To fulfil this objective, the project promoters felt the need for a tool that improved yields while complementing both farmers’ activities and the soil, and that was easy to implement and replicate. They chose mycorrhizae (fungal roots), as they are at the origin of soil symbiosis, and created the 'Mycorrhizae Innovation Team', which is composed of three different entities: coordination, technical dissemination and farmers.
The team involved tested the effect on crops and soil quality of incorporating native laboratory-grown mycorrhizae into the soil. The benefits included increased horticultural production and improved soil composition. The use of mycorrhizae is also a sustainable way to provide plants with a nutritional balance, increasing resistance to stresses such as drought and pests and providing a better soil structure.

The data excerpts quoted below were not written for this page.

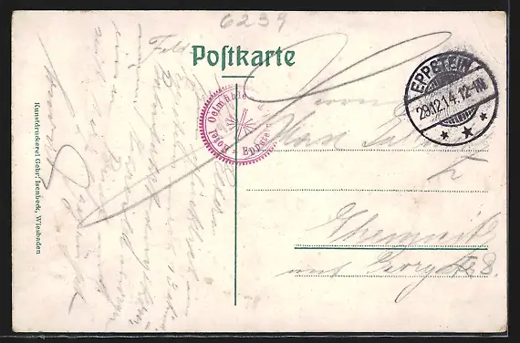 alte Ansichtskarte, gelaufen 1914, Eckknicke li. oben, Stempelspur, guter Zustand
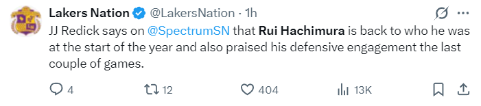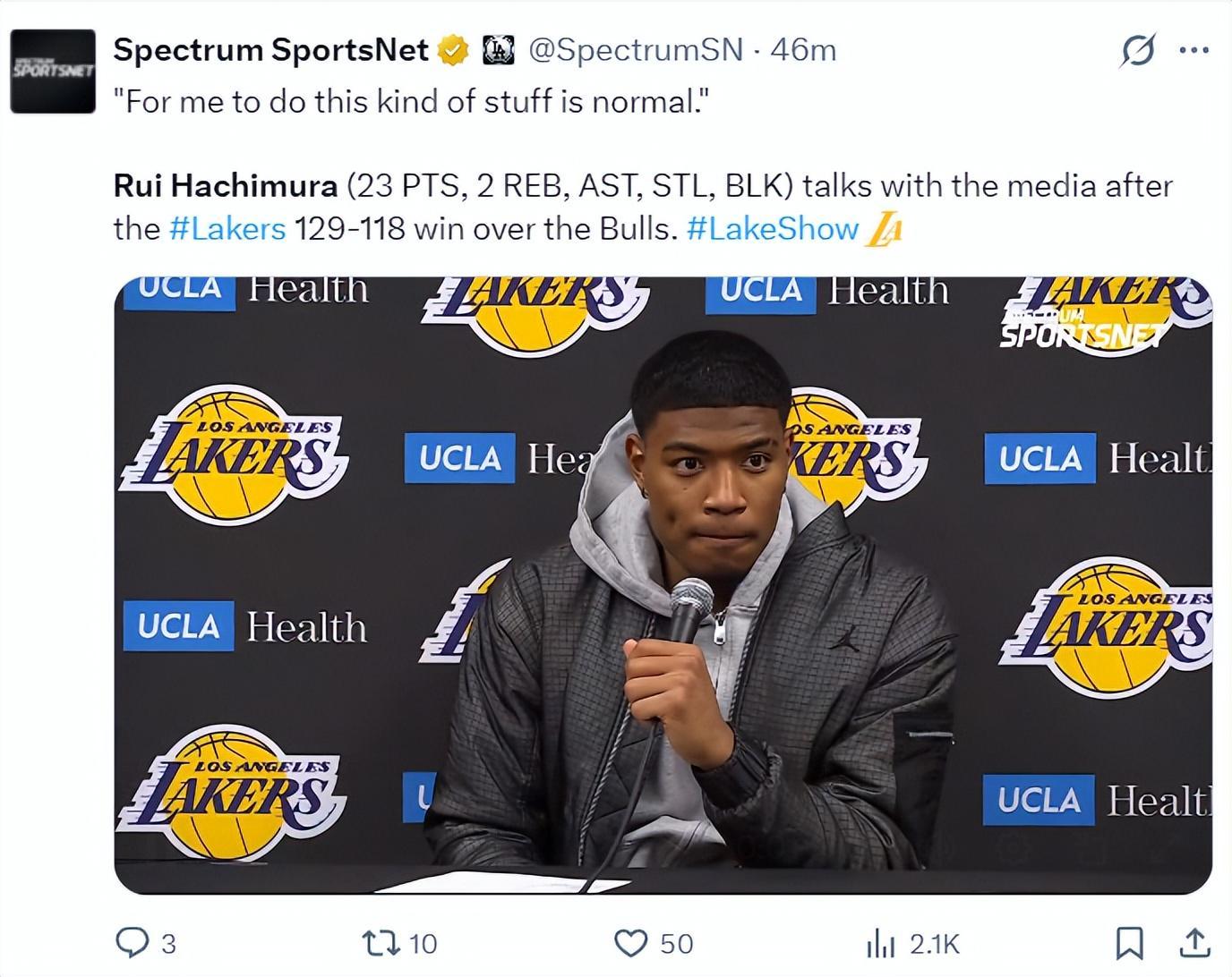 八村垒赛后接受采访,他盛赞了这个团队能看出他很不愿意离开LAL,他说道:我 要表扬我的教练,教练在会议上跟他们谈过了,让勒布朗、卢卡要多给队友球,他们也确实这样做了,他们总是接受教练的建议,所以我们能赢球,每个人都可以触球,每个人都能积极参与进攻,这才是篮球该有的样子。
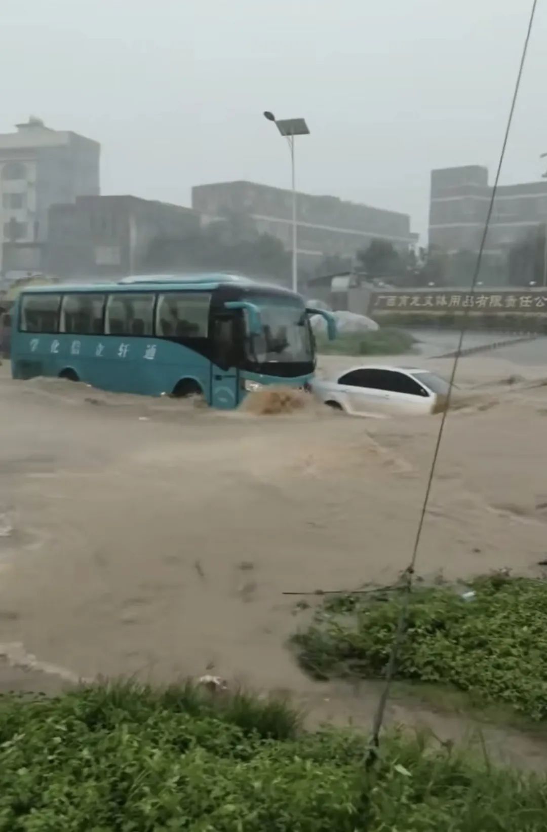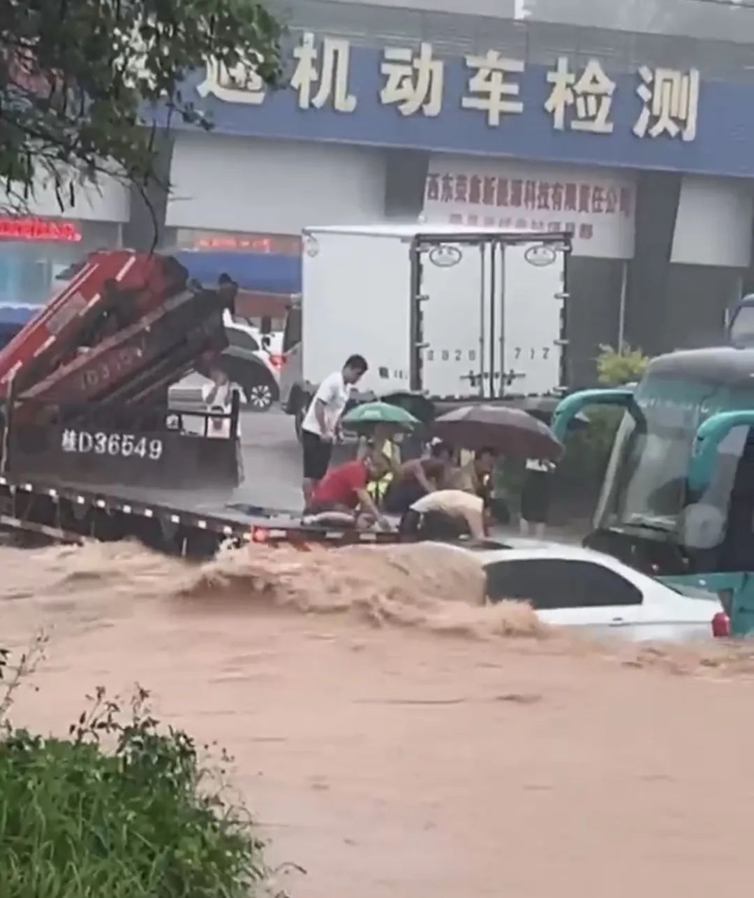 8月4日下午5时许,梧州藤县遭遇持续强降雨,鑫通机动车检测站附近路段积水迅速上涨。一辆白色小轿车途经此处时,被洪水淹没大半,水流瞬间涌入车内,车内3人陷入险境。危急时刻,检测站员工吴绪乾、李发志等人与热心市民挺身而出,上演了一场惊心动魄的生死救援。
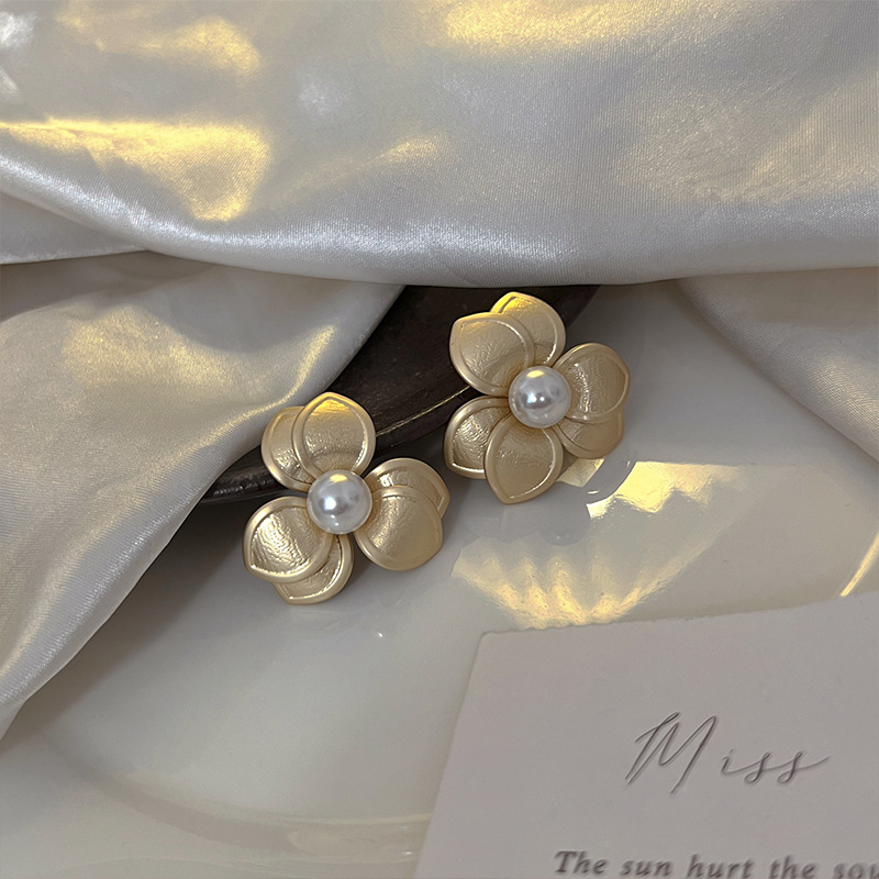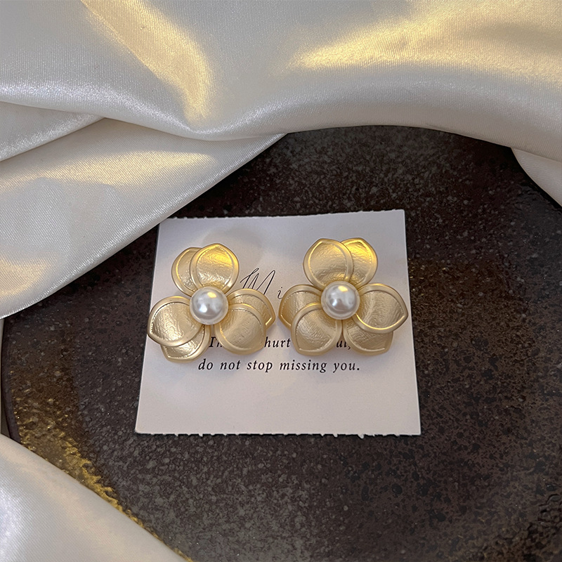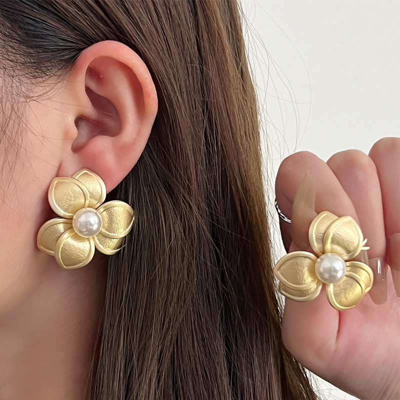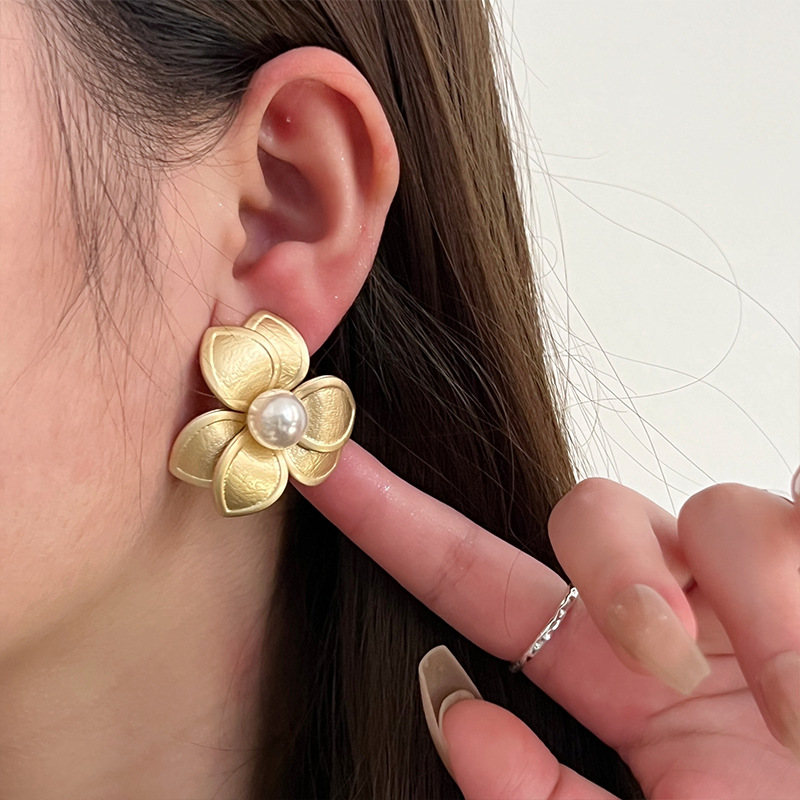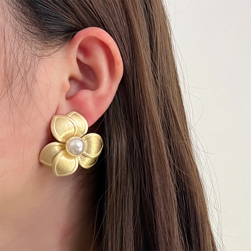 高级感夸张花朵耳钉新款2024爆款独特金色耳环小众设计感复古耳饰

The team had a number of highly quantifiable goals. They were looking to reduce the use of fertilisers and chemicals, and in particular N2O GHG (nitrous oxide greenhouse gas), which is more dangerous than CO2. As mycorrhizae are responsible for fixing one third of total carbon emissions fixed in soils, the project also aimed to increase carbon sequestration, yields and soil biodiversity, all by giving farmers a tool that is easy to replicate, grow and apply in the field. To achieve genuine results, the team wanted to involve at least 100 farmers.
In practical terms, the project focused on the on-farm growth of mycorrhizae and the application of mycorrhizae in the field by various means, always looking for what would be the most useful way for farmers to implement this. The team then checked the success of the initiative by collecting data on increases in yields.
On a more hands-on level, the team collaborated with local farmers by constantly exchanging knowledge. By involving farmers from the beginning, the project tapped into their expertise, needs and concerns, ensuring that the solutions offered were practical and relevant to the local agricultural context.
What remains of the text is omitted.